We remark that the MacWilliams identities, using the non-negativity and integrality constraints, are not sufficient to prove Conjecture 3.3. As an example, the values $$(n,w_1,w_2,w_3)\in \{(58,24, 31, 32), (68, 30, 32, 40)\}$$ go in line with these conditions for $$q=2$$ but are excluded with more sophisticated methods, see the details stated above. Given the results obtained so far we can state that Conjecture 3.3 is true for all $$n<72$$. The next case, where all non-negativity and integrality constraints for the $$B_i$$ are satisfied, is given by $$(n,w_1,w_2,w_3)=(100,46, 48, 56)$$. Here we have $$k=7$$, $$A_{w_1}=32$$, $$A_{w_2}=145$$, $$A_{w_3}=78$$, and $$B_3=580$$. However, we can apply Lemma 3.1 to conclude the non-existence of a binary linear code with these parameters. More precisely, Lemma 3.1.(iii), applied with $$a=1$$ and $$T=224$$, yields a contradiction since $$T-2^k+2^{k-a}=96$$ is not a power of two.

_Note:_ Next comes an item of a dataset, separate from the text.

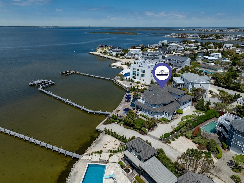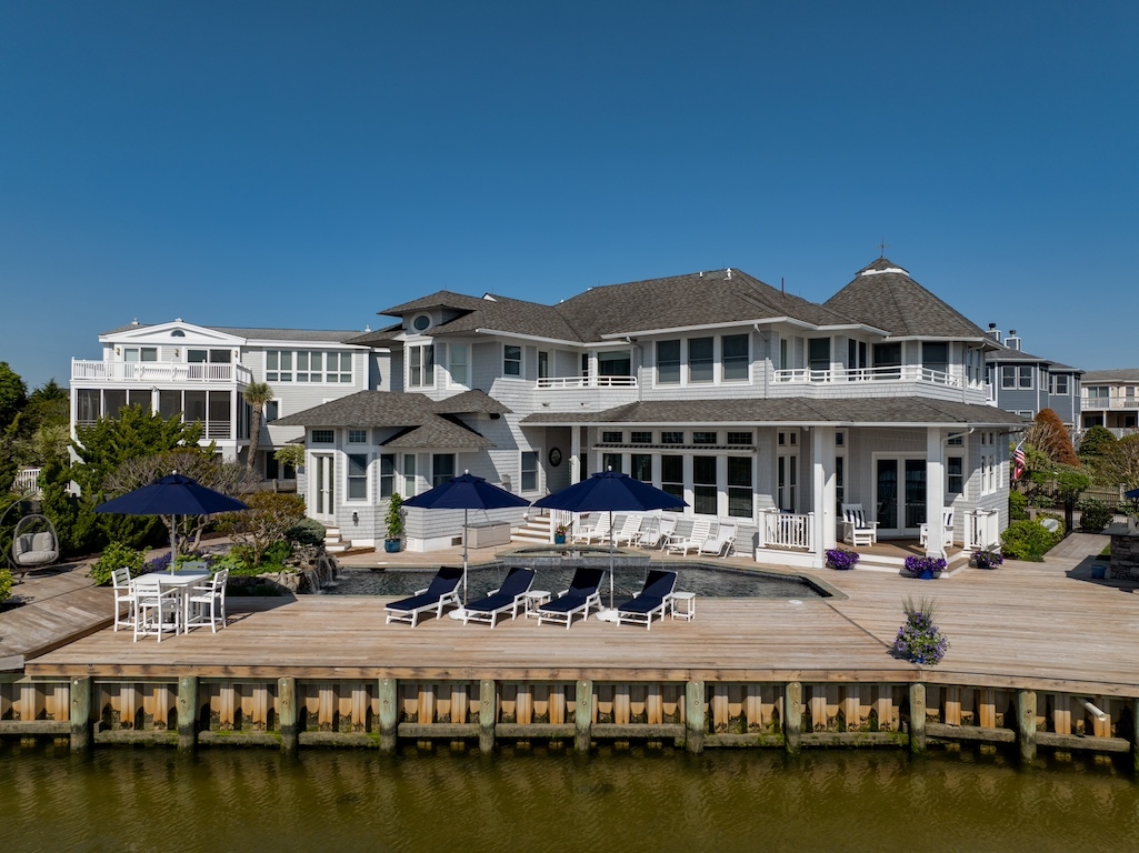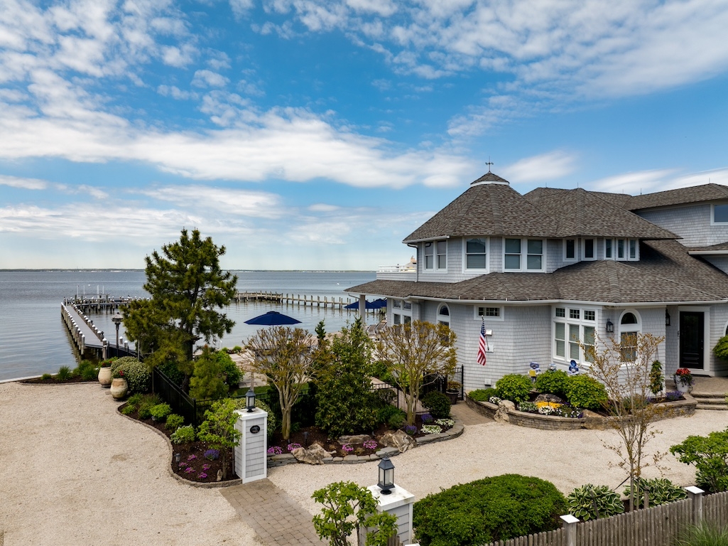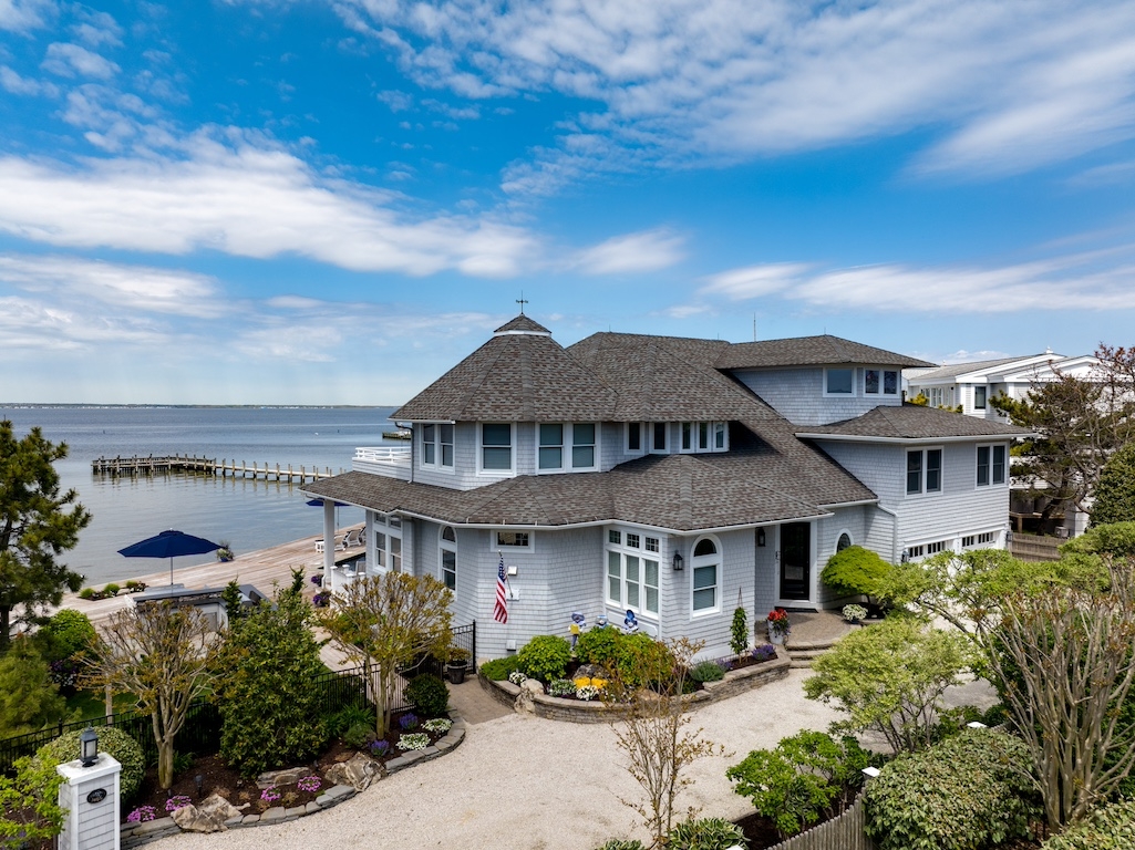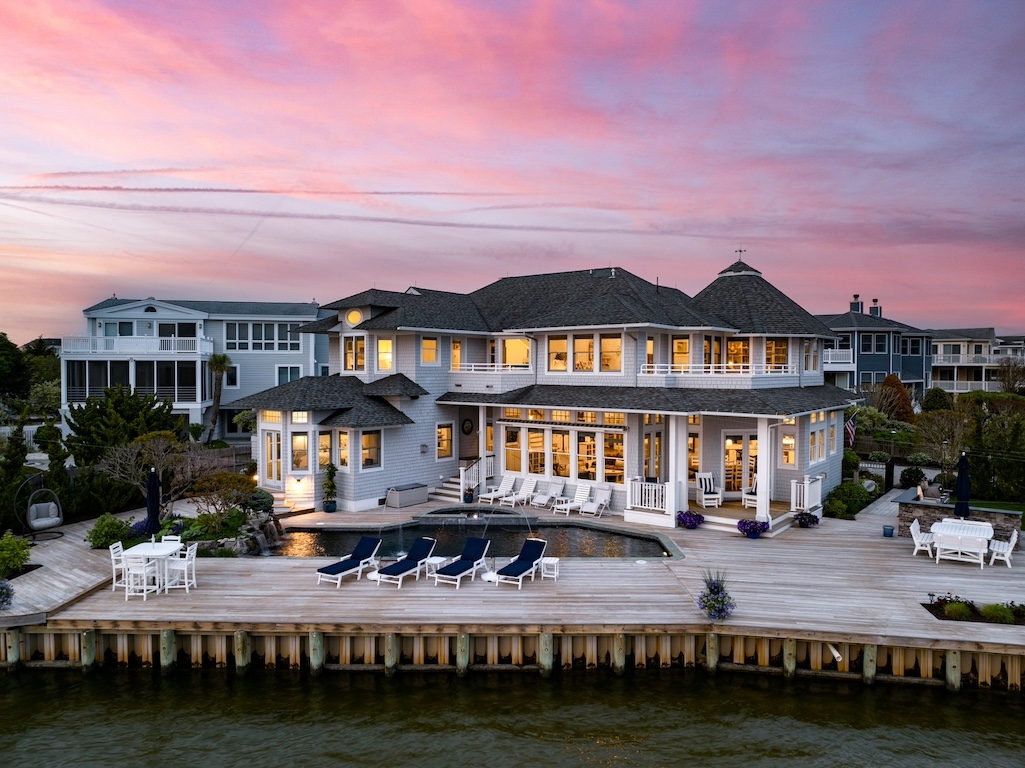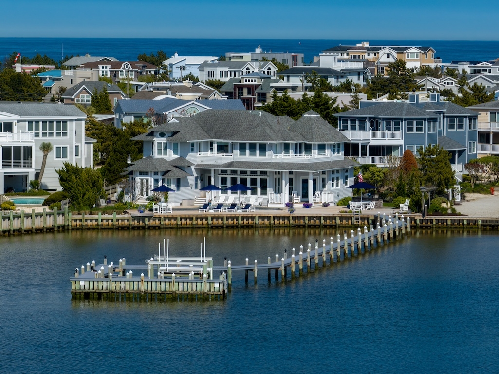 Stunning design captures boundless water views along 140 feet of Loveladies bayfront. This private Estate nestled amongst some of the finest waterfront properties on all of LBI is waiting for you to enjoy in all four seasons. With over 5,000. sq. ft. of living space, this home is both family and guest oriented featuring 5 bedrooms (4 en suite), 4.5 baths, 2 fireplaces and comfortable non-reverse living design. New Trex Decking along the deep water dock is complete with electric and fresh water line. Easy access to Robbie’s Marina and the ICW.

In Table 2 we list all parameters $$\left( n,w_1,w_2,w_3,y=2^{k-2},A_1,A_2,A_3,B_3\right)$$ up to $$n=256$$, where all $$B_i$$ are integral and non-negative and also Lemma 3.1 does not yield a contradiction, i.e., the parameters of potential counterexamples to Conjecture 3.3.

### 3.2 Feasible parameters for projective ternary three-weight codes with $$\mathbf {w_1+w_2+w_3=2n}$$

In Table 3 we list the admissible parameters for projective ternary three-weight codes with $$w_1+w_2+w_3=2n$$. For each length $$3\le n\le 39$$ we list the admissible dimensions k and weight triples $$(w_1,w_2,w_3)$$, and the weight distribution in the form $$(A_{w_1},A_{w_2},A_{w_3})$$. The last column contains known results about the existence of codes with these parameters. For some cases we can also state the number of isomorphism types of those codes. If not mentioned otherwise, the classification results are obtained with the software package LinCode [4]. For the parameters marked with $$\ge 1$$ we constructed at least one code by prescribing an automorphism group, see [5].

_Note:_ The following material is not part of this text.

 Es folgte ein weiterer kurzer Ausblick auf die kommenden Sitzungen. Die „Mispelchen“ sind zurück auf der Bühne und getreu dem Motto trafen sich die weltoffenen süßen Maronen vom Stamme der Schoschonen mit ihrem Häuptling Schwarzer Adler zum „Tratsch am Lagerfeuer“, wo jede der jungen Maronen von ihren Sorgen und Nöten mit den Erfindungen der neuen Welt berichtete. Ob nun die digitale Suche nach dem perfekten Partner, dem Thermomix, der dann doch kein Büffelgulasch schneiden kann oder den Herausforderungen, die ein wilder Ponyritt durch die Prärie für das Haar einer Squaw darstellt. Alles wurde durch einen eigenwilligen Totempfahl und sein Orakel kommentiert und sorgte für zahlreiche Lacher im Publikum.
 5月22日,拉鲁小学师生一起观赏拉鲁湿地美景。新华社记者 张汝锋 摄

We also list those non-existence results where more sophisticated methods are necessary. We mark the non-existence results with the keyword “None” in the comment column of Table 3 and give a reference to the used method.

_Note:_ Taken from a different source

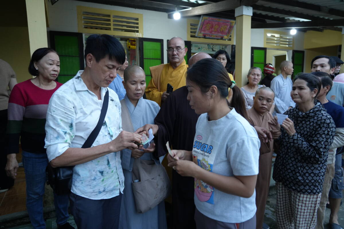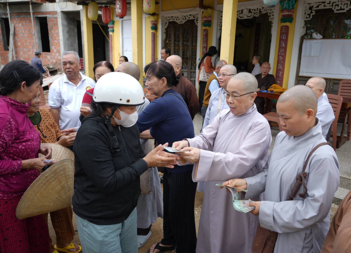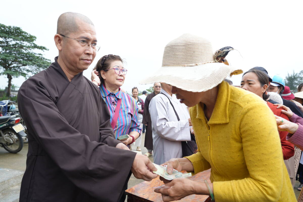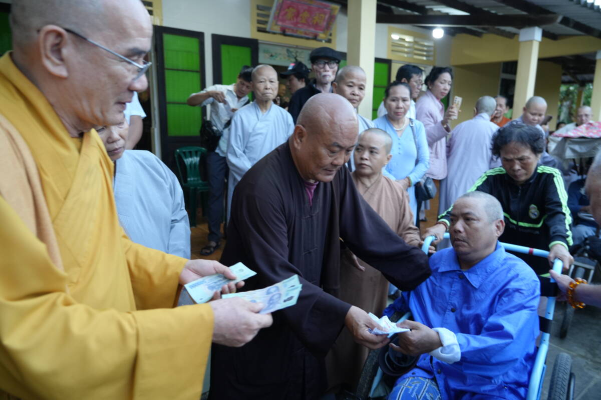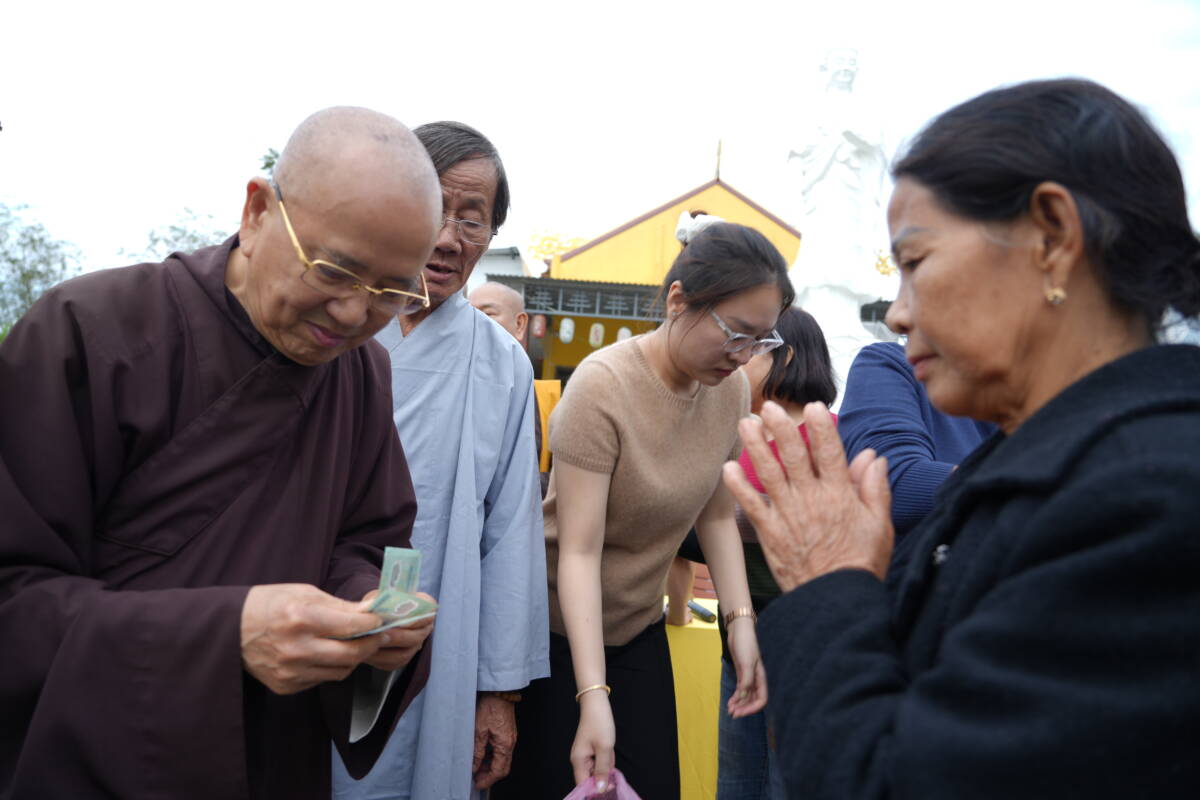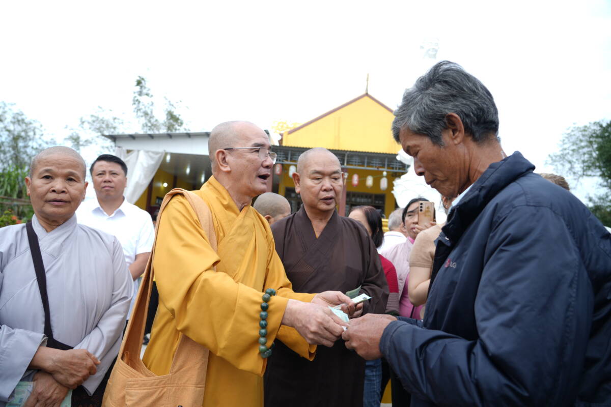 Dẫn đoàn là HT.Thích Huệ Công, Ủy viên HĐTS, Phó Ban Trị sự GHPGVN TPHCM kiêm Trưởng Ban Đại diện Phật giáo người hoa Tp.HCM; HT Thích Chơn Tịnh, Phó Ban Từ Thiện XH Báo Giác Ngộ, trụ trì chùa Thường Quang, đồng Trưởng Đoàn, tham gia Đoàn có HT.Thích Lệ Lạc – UV HĐTS, Phó Trưởng BTS GHPGVN tỉnh Vĩnh Long; bà Tô Thị Bích Châu – Nguyên Phó Chủ tịch Ủy ban Trung ương MTTQVN; bà Võ Thị Dung – Nguyên Phó Bí thư Thành uỷ TPHCM; bà Trần Kim Yến – Nguyên Chủ nhiệm Ủy ban Kiểm tra Thành uỷ TPHCM, cùng chư tôn đức Phật giáo người hoa; chư tôn đức các tự viện liên phường Chánh Hưng, Bình Đông, Phú Định và quý mạnh thường quân tháp tùng.

For $$n=27$$, $$k=6$$, and weight triple (9, 18, 27) we have used exhaustive enumeration using LinCode to exclude the existence of the corresponding code. It would be nice to also have a theoretical argument. For $$36 \le n\le 39$$ four cases remain undecided, which we mark with the keyword “Open”. For each feasible case we give a suitable generator matrix in Appendix A.

Similar to Conjecture 3.3, the numerical data suggests the conjecture $$w_2 = \frac{2}{3} n$$. Based on our computational data, we dare to state the following q-ary version of Conjecture 3.3.

### Conjecture 3.4

Let C be a projective $$[n,k]_q$$ three-weight code with non-zero weights $$w_1<w_2<w_3$$ satisfying $$w_1+w_2+w_3=3 (1 - \frac{1}{q}) n$$. Then $$w_2=(1 - \frac{1}{q}) n$$. Moreover, $$w_1 = w_2 - t$$ and $$w_3 = w_2 + t$$, where t is a power of the characteristic p of $${\mathbb {F}}_q$$.

For $$q=2$$, Conjecture 3.4 follows from Conjecture 3.3 by Lemma 5.10. We further remark that the precondition $$w_1 + w_2 + w_3 = 3 (1 - \frac{1}{q}) n$$ cannot be dropped, as seen by the binary $$[7,4]_2$$ Hamming code, which is a three-weight code with weight distribution $$(0^1 3^3 4^3 7^1)$$.

## 4 Plane curves given by the sum of all monomials of given degree

In this section, we present some results on rational (or integral) solutions of the equation

\begin{aligned} \sum _{h+i+j = s-2} \theta _1^h \theta _2^i \theta _3^j = 0 \,, \end{aligned}
(12)

which for pairwise distinct $$\theta _1, \theta _2, \theta _3$$ is equivalent to (1) by Lemma 2.6. We restrict to the case that $$s$$ is odd. When $$s$$ is even, then there are no nontrivial real solutions, so a fortiori no rational solutions.

We denote by $$C_{s-2}$$ the plane projective curve defined by (12), and we will rename the variables $$\theta _1, \theta _2, \theta _3$$ in this section as xyz. As already mentioned, $$C_1$$ is the line $$x + y + z = 0$$, and there are many rational points on this curve. In general, it is not hard to see that $$C_d$$ is smooth over $$\mathbb {Q}$$, so the curve is in particular geometrically irreducible and has genus $$g(C_d) = (d-1)(d-2)/2$$.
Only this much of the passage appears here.